A prisoner can show an Eighth Amendment violation by proving that the
prison medical officials were deliberately indifferent to his serious medical needs.
Estelle v. Gamble, 429 U.S. 97, 104, 97 S. Ct. 285, 291, 50 L. Ed. 2d 251 (1976).
For a claim of deliberate indifference, a prisoner must first prove a serious medical
need, and second, that the prison official acted with deliberate indifference to his
need. Brown v. Johnson, 387 F.3d 1344, 1351 (11th Cir. 2004). While Wallace’s
amended complaint is inartfully drafted, it is not clear beyond a doubt that he has
failed to allege a serious medical need, and that the prison officials were
deliberately indifferent to his need. Wallace alleges that he “is a chronic care
patient and was not seen by a certified medical professional until approximately
twenty-two (22) days later subsequent to filing numerous grounds contrary to
Georgia Department of Corrections policy IIB02-0001 VI.” Liberally construed,
we can infer that the needs of a chronic care patient are serious. Furthermore, it is
reasonable to infer that prison officials would be aware that a chronic care inmate
would need frequent medical attention. Wallace’s amended complaint also appears
9
to allege that he was not seen by a medical professional for twenty-two days even
though he requested such care. While Wallace has not alleged that the individual
defendants personally participated in the failure to treat him, his allegations, if true,
may ultimately show that the defendants did nothing to prevent the violation of his
Eighth Amendment right against cruel and unusual punishment.

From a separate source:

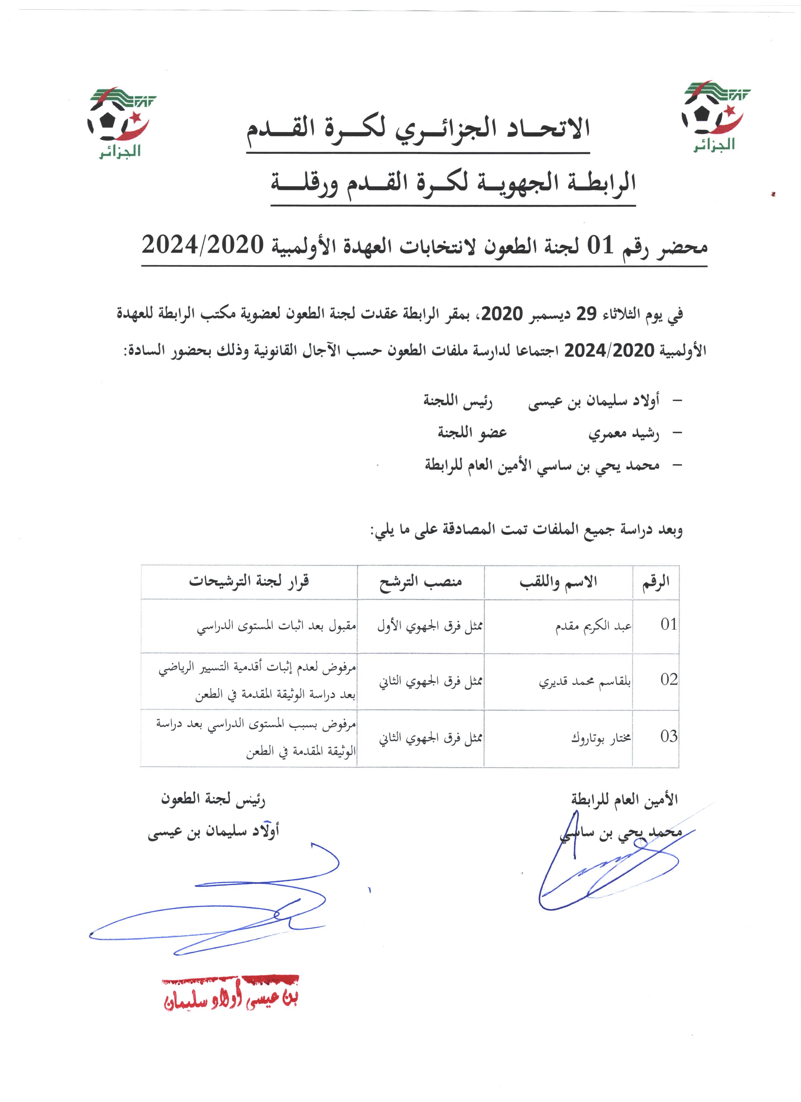 محضر لجنة الطعون لانتخابات العهدة الأولمبية 2020/2024

Furthermore, we have specifically recognized that “the Eighth Amendment
applies to prisoner claims of inadequate cooling and ventilation.” Chandler v.
Crosby, 379 F.3d 1278, 1294 (11th Cir. 2004). The district court stated that
Wallace did not allege that any of the inadequate conditions in his cell caused him
any personal injury or any unreasonable risk to his future health. Therefore, he
failed to state a claim. However, Wallace alleged that the cell he was placed in had
“no ventilation.” To state a claim for cruel and unusual punishment, the
challenged condition must be extreme and “pose an unreasonable risk of serious
damage to his future health” or safety. Helling v. McKinney, 509 U.S. 25, 35, 113
S. Ct. 2475, 2481, 125 L. Ed. 2d 22 (1993). An inmate “need not await a tragic
event” before seeking relief. Id. at 33, 113 S. Ct. at 2481. Therefore, Wallace need
not plead a specific physical injury if the conditions he complains of posed a
serious risk to his health. Liberally construing Wallace’s complaint, it is not
beyond a doubt that Wallace will be able to prove no set of facts that would entitle
10
him to relief. Therefore, we find that the district court erred in dismissing
Wallace’s claim for a violation of the Eighth Amendment.
Accordingly, we conclude that the district court properly dismissed
Wallace’s claim for inadequate grievance procedures. However, the district court
erred by prematurely dismissing Wallace’s claims for violations of due process and
the Eighth Amendment.
AFFIRMED IN PART; REVERSED AND REMANDED IN PART.